В разработке мотива чертовщины, по сравнению с «Вечерами на хуторе близ Диканьки», Н. Гоголь усилил значение христианского компонента, что способствует созданию «мира наоборот», то есть мира, где утверждается не Бог, а чорт (дьявол, демон). Писатель опирается на традиции барокко и романтизма, что проявляется в странных приключениях героев, эмоциональных оценках рассказчика, риторической стихии повести, иронии. Но в отличие от поэтики барокко, где дьявольское начало было показано как необъяснимая и фатальная сила, угрожающая человеку, а также в отличие от поэтики романтизма, где дьявольское было второй стороной полного противоречий мира, чертовщина в петербургской повести Н. Гоголя «Невский проспект» вполне объяснима и мотивирована, она органически вписывается в «мир наоборот» и обретает социальные ипостаси. Опираясь на богатые языческие и христианские традиции, на опыт барокко и романтизма в художественном освоении темы черта и чертовщины, Н. Гоголь придает ей реалистическое звучание. Функции мотива чертовщины в повести «Невский проспект» многообразны — создание образа «обезбоженного мира», раскрытие духовных трансформаций человека и художественное исследование общества.
Литература
1. Библейская энциклопедия. — М.: Терра, 1990. — 902 с.

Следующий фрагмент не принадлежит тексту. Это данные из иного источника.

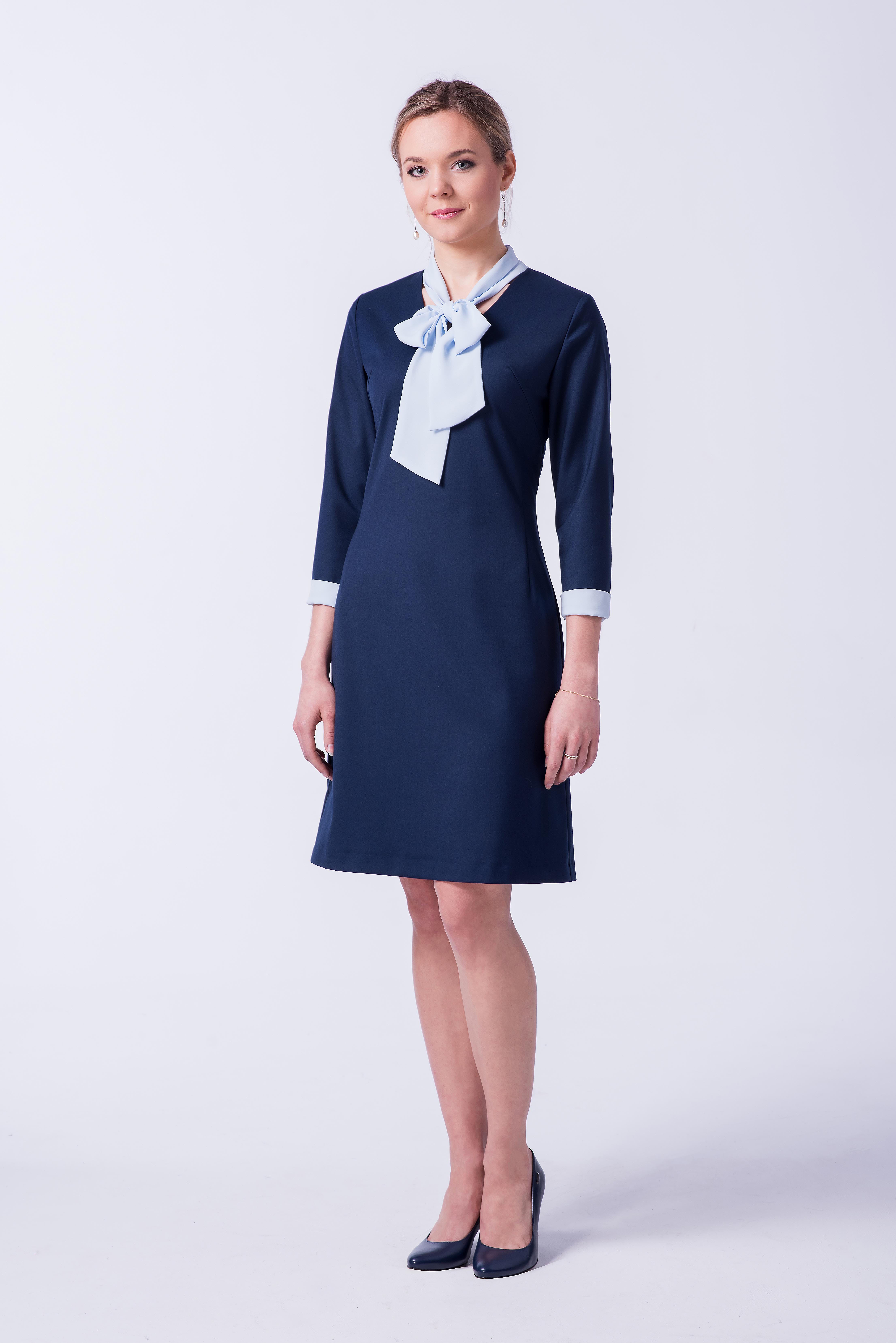 Galeria sukienka granatowa – z kołnierzykiem, z kokardą lub princeska

2. Войтович В. Українська міфологія. — К.: Либідь, 2002. — 663 с.
3. Гнатюк В. Знадоби до української демонології. — Львів, 1912. — Т. 2. — Вип 2. — 358 с.
4. Гоголь Н. Невский проспект // Петербургские повести А. С. Пушкина и Н. В. Гоголя. — М.: Правда, 1987.
5. Митрополит Іларіон. Дохристиянські вірування українського народу. — К.: Обереги, 1992. — 424 с.
6. Померанцева Э. Мифологические персонажи в русском фольклоре. — М.: Правда, 1975. — 381 с.
7. Словник символів. — К.: Народознавство, 1997. — 155 с.
8. Супруненко В. Народини. Витоки нації: символи, вірування, звичаї та побут українців. — Запоріжжя, 1993. — 268 с.